FILE PHOTO: Pittsburgh Mayor Bill Peduto appears before a Senate Democrats' Special Committee on the Climate Crisis on Capitol Hill in Washington, Wednesday, July 17, 2019.
Andrew Harnik / AP Photo
FILE PHOTO: Pittsburgh Mayor Bill Peduto appears before a Senate Democrats' Special Committee on the Climate Crisis on Capitol Hill in Washington, Wednesday, July 17, 2019.
Andrew Harnik / AP Photo
(Pittsburgh) – The City of Pittsburgh will require its employees to be fully vaccinated for COVID-19 as of Dec. 22, Mayor Bill Peduto’s office announced today.
The rule applies to full- and part-time employees, as well as interns, though medical and religious exemptions can be obtained. According to Peduto’s executive order, employees who do not have such an exemption and refuse to be vaccinated “will be subject to employment actions, including unpaid administrative leave and/or discipline up to and including termination.”
In a statement Peduto said, “The science is clear that getting the vaccine protects us from the severity of COVID and its variants that are once again filling our hospitals. … It is our responsibility to act collectively to protect both our employees and the public so that we can move on and continue our recovery from the pandemic.”
The move comes one month after Allegheny County took a similar step with its employees, and Peduto’s mandate sets a deadline three weeks after the county’s.
A month ago — and within days after a city police officer died of COVID complications — Peduto said that the city was urging staff to be vaccinated while the Law Department evaluated a mandate.

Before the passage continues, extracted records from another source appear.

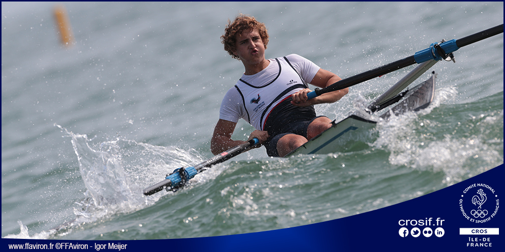 Chez les hommes, le français a écarté le concurrent italien en quart de finale pour rejoindre l’Espagnol Miramon, favori de l’épreuve, en demi-finale. Cette fois-ci la marche était trop haute pour le jeune français qui a dû laisser son adversaire filer vers la finale A. Pour monter sur le podium du solo homme, Ivan Bové a affronté le rameur de Hong-Kong. Grâce notamment à un très bon départ, le rameur de Meulan-les Mureaux a pu maîtriser son sujet pour atteindre la plage en premier. Novice en mer, le français décroche ainsi une belle médaille de bronze pour sa première compétition internationale !
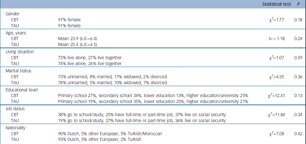 Table 1 Demographic characteristics of participants receiving cognitive–behavioural therapy (n=40) and treatment as usual (n=42)
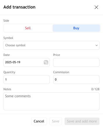 - 数量 — 买入/卖出的单位数量。即使资产以手为单位交易,也必须以实际单位输入。
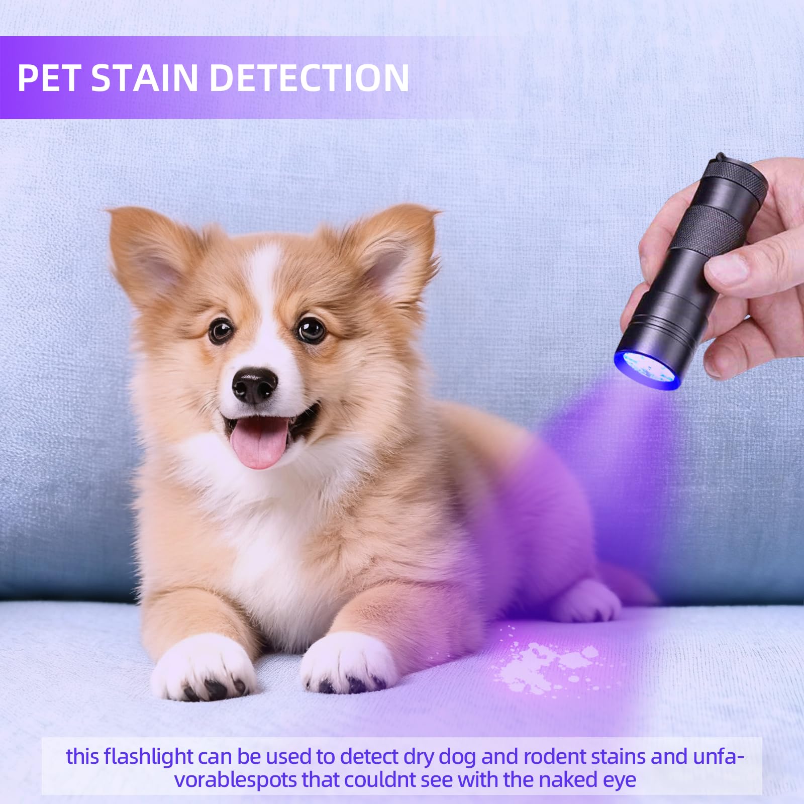 Maximized Use for Black Light UV Flashlight: This Black Light UV Flashlight instantly detects dried dog urine, food stains, and hidden grime on rugs and carpets. Identify cat ringworm and skin fungi for pet health; spot scorpions and bed bugs in dark rooms. Authenticate currency, passports, and ID cards; inspect jade and gemstones with ease. Reveal fluorescent agents in baby clothes and cosmetics to ensure family safety. A portable UV nail dryer for quick curing of nail gels and resin.

But he said that if the coronavirus was “spreading throughout any department, we would make it mandatory across the board.” The policy, he added, “would only change if we see it happening on a scale where the health of the employees was being directly affected.”
It was not immediately clear whether such a scale has been reached, although a second city police officer has died from COVID, and Peduto’s executive order says that “the rate of COVID cases in Allegheny County is 350 to 400 per day, which is not the drop seen in other locations.”
Imposing mandates can be complicated by union contract protections granted to many public employees: Members of Allegheny County’s police department have already filed a suit over the county mandate, though the medical basis for the suit has been criticized by experts.